C2. Discussion/Conclusions. Considering the current data and previous reports (Choi et al 2021, Chung et al 2014), the risk of having lung cancer among the studied populations can be traced back to bronchiectasis, particularly, its coexistence with COPD. It is high time that specific modalities be suggested to ensure prevention and diagnosis of these diseases, and the risk of acquiring lung cancer.
R2. Thank you for your valuable comment. We have discussed this issue in the Discussion section of the revised manuscript (page 8, 2nd paragraph).
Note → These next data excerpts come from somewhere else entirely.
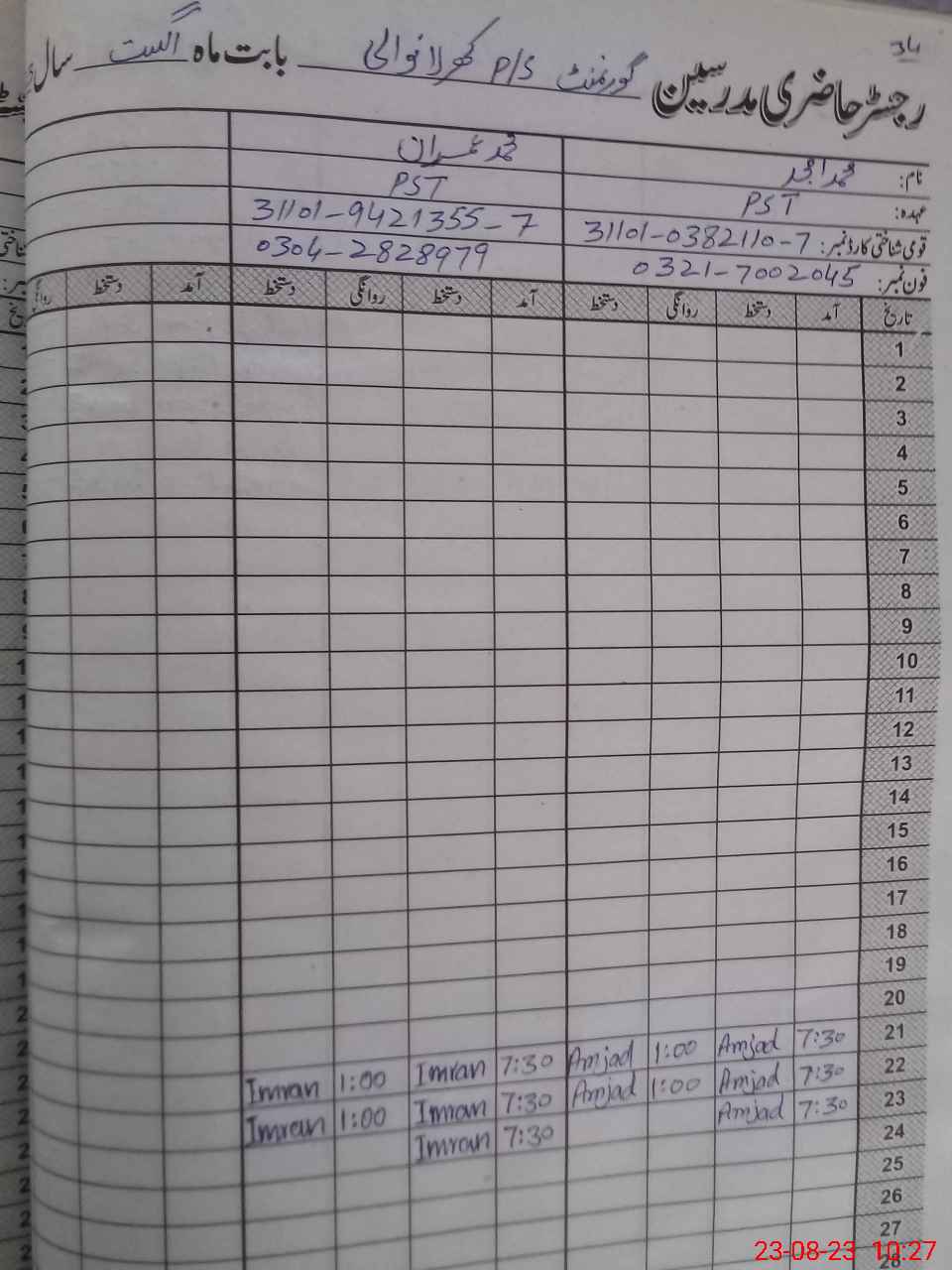 | CNIC | Full Name | Designation | R/C | Absence During Last Calender Month |
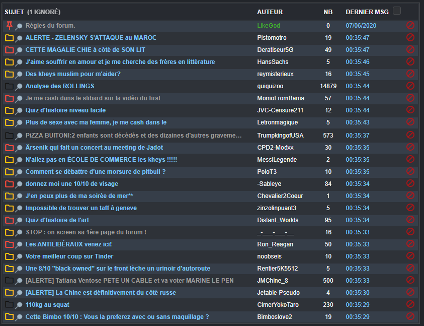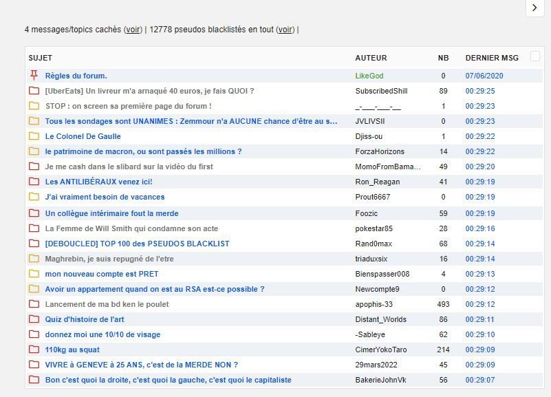 Combien de pseudos blacklistés sur mon topic ?
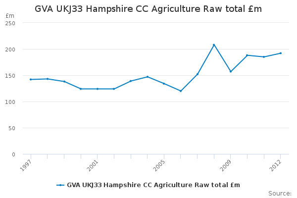 Download this time seriesGVA UKJ33 Hampshire CC Agriculture Raw total £m
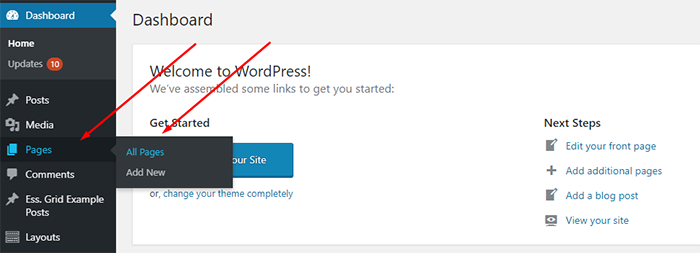 If you need to create a new page, navigate in your dashboard: Pages – Add New.

“Chronic inflammation plays a pivotal role in the development of lung cancer in patients with underlying lung diseases (e.g., COPD, asthma, and interstitial lung disease) [20-24]. As an extension of these results, it can be postulated that bronchiectasis—accompanying a chronic inflammation—may also increase the risk of lung cancer [6, 25]. In addition to the postulation, as a previous study showed that lung cancer was one of the leading causes of mortality in patients with bronchiectasis [7], developing strategies to reduce lung cancer-related burden in bronchiectasis patients seems clinically relevant.”
C3. Title. It is highly suggested to include the exact population (Korea) where data of the study were obtained, and as appropriate in the entire manuscript.
R3. Thank you for your comment. We have clarified the point in Title, Abstract, and the Discussion section of the revised manuscript (page 1 and page 9).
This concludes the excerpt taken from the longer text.